No Holiday for Some in Storm-beaten Vt.

(NECN: Jack Thurston, Granville, Vt.) - "Thanks for your hard work on the Fourth of July," Gov. Peter Shumlin, D-Vt., told workers from the Vt. Agency of Transportation Thursday.

Shumlin was touring flood damage on Route 100, near the Granville/Warren town line. A team of transportation workers had to spend the holiday there, because the normally busy north-south state highway was closed in the stretch after wicked weather Wednesday night and early Thursday morning.

Heavy rain hammered the area. With the ground already saturated from other storms, water raced across the land and tore apart the road.

"We can think of more fun ways to celebrate America's birthday without being out here rebuilding flooded roads and bridges," Gov. Shumlin said. "But, you know, nature doesn't seem to know any holidays. And we're going to keep staying on top of it, rebuilding, and trying to keep our roads and bridges open."

At the closed portion of Route 100 Shumlin toured, half the road is completely gone. The same stretch washed out in 2011, during Tropical Storm Irene.

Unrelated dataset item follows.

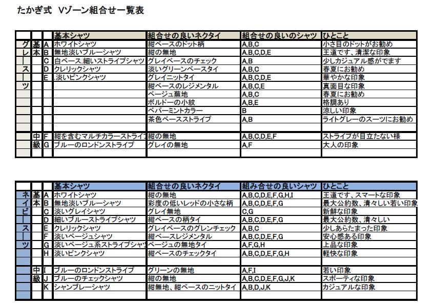 具体的な例とすればスーツが1着でもシャツが2枚でネクタイが2本あれば4スタイルが組めます。最小限で最大の効果が可能です。一見、見にくい表ですが時刻表で旅を楽しむのに似た疑似体験が楽しめます。読者の方のお手持ちのスーツ・シャツ・ネクタイでチェック頂ければ無駄な買い物はなくなること請け合いです。原理原則に沿えば無駄な買い物は必要ありません。おまけに横の欄には各シャツとネクタイの組合せの印象も加えています。例えば上品な印象を与えたい時はネイビースーツに淡いベージュ系のストライプシャツ・ベージュの無地タイをそのまま選べば安心です。これでS(サイズとシルエット)が合っていれば相手が外国の大統領でも怖くありません。

"We had a 100-year storm event a couple of years ago, and we've now had, I think, five 50-year storm events in the last three years," said Brian Searles, the secretary of the Vt. Transportation Agency.

Searles and Shumlin both said they expect Vermont to qualify for federal disaster aid to fund the repairs to Route 100, as well as nearby Route 12A. A section of that road was closed due to a reported bridge washout in Roxbury. The repairs could mean one-lane travel and delays or temporary closures on impacted roads.

Searles told New England Cable News the state is now in the process of figuring out how to build culverts, bridges, and roads so they can better withstand more fierce onslaughts from water. Searles said he believes climate change will mean more heavy downpours will keep coming.
"We are just handling more runoff than we have ever have before," Searles said.

This week has been particularly challenging because, at times, the weather system has dumped several inches of rain an hour on certain, localized pockets in Vermont. Windsor was dealt a damaging blow Tuesday. Huntington saw washouts and other losses Wednesday.

In those towns and others, repairs are ongoing and could take weeks.

"We'll do our best to get rid of this rain," Shumlin joked, continuing his tour of the damage.

In Richmond, Vt., road damage and relentless rain forced the postponement of the town’s Fourth of July festivities. The parade, picnic and fireworks were canceled as the town and neighboring Huntington make repairs.

“It’s more than just the roads. It’s because of the mud in the fields,” said Chief Tom Levesque of the Richmond Fire Dept. “We wouldn't be able to get things set up, and we were a little worried last night that the water was going to go over the bridge and washed out everything we had there.”

Levesque said he could not remember the holiday celebrations being postponed in his 45 years of involvement with the Independence Day party. Richmond’s website said the event will be held at a later date, but as of Thursday evening, no new date had been set.

Throughout Chittenden County, including Vermont’s largest city, Burlington, water filled roads and made some impassable for a period of time late Thursday afternoon. The Vermont State Police warned of more than a dozen temporary road closures or washouts throughout the county.

They were urging people not to drive across water-covered roads, out of fear the surface underneath the water may be dangerously unstable, or gone. It appeared a city fire truck became stranded in flood waters on Lakeside Ave. in Burlington.

Back on Rt. 100, Gov. Shumlin asked for Vermonters' patience with delays during flash flooding and road repairs. He and the rest of his storm-beaten state are trying to stay optimistic, hoping that summer will soon bring the kind of calm and beauty Vermont is eager for.